• _What you have to do_: For this item, repeat the material exactly while omitting its pictures.

• _Given material_:

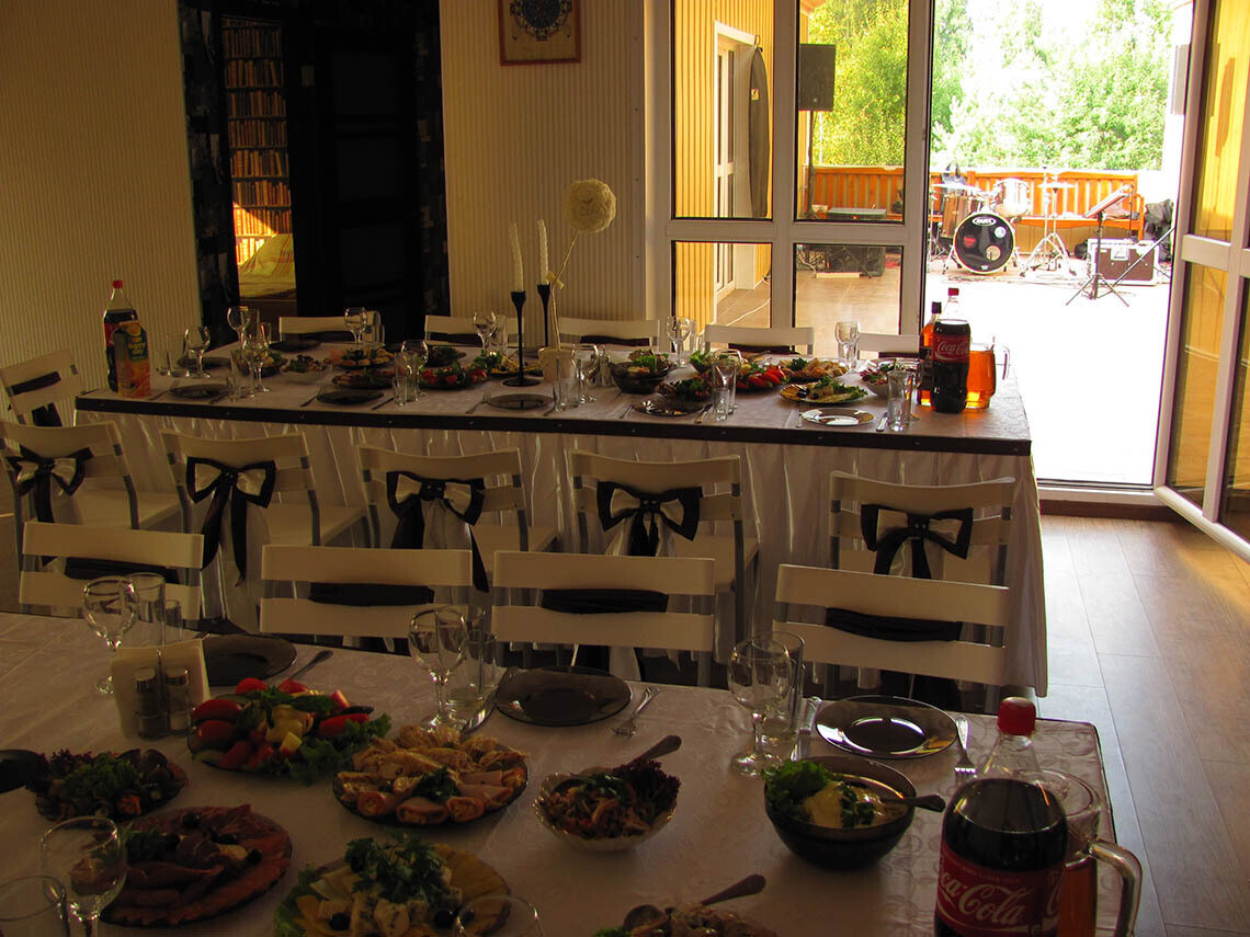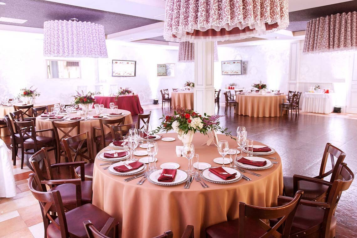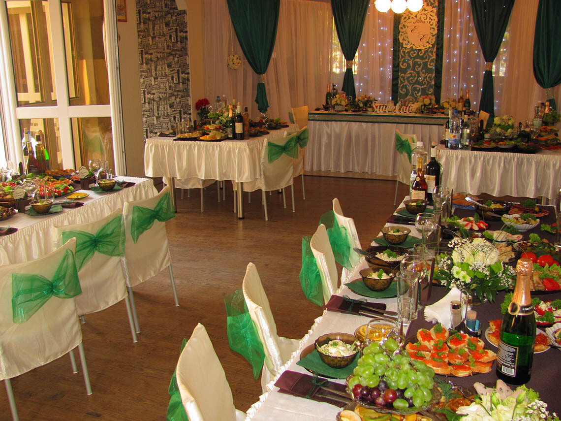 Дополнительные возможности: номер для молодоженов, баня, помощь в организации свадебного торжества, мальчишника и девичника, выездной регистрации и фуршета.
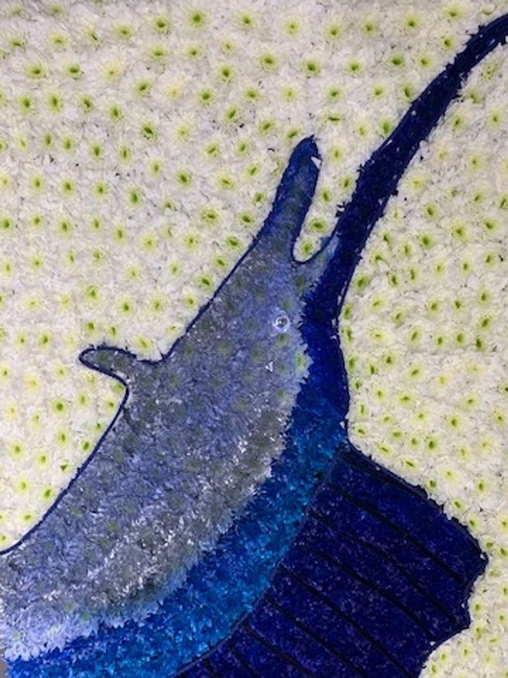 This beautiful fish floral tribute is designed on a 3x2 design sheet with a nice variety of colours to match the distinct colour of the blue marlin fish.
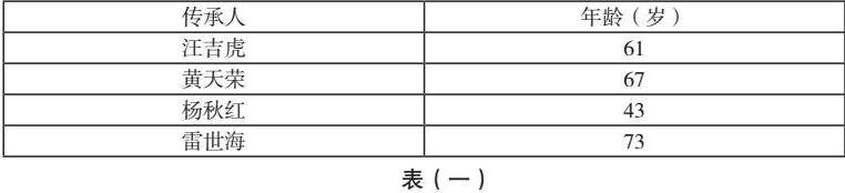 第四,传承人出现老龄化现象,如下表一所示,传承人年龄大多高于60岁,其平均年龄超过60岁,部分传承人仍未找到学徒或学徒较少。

• _Worked solution_:
 Дополнительные возможности: номер для молодоженов, баня, помощь в организации свадебного торжества, мальчишника и девичника, выездной регистрации и фуршета.
 This beautiful fish floral tribute is designed on a 3x2 design sheet with a nice variety of colours to match the distinct colour of the blue marlin fish.
 第四,传承人出现老龄化现象,如下表一所示,传承人年龄大多高于60岁,其平均年龄超过60岁,部分传承人仍未找到学徒或学徒较少。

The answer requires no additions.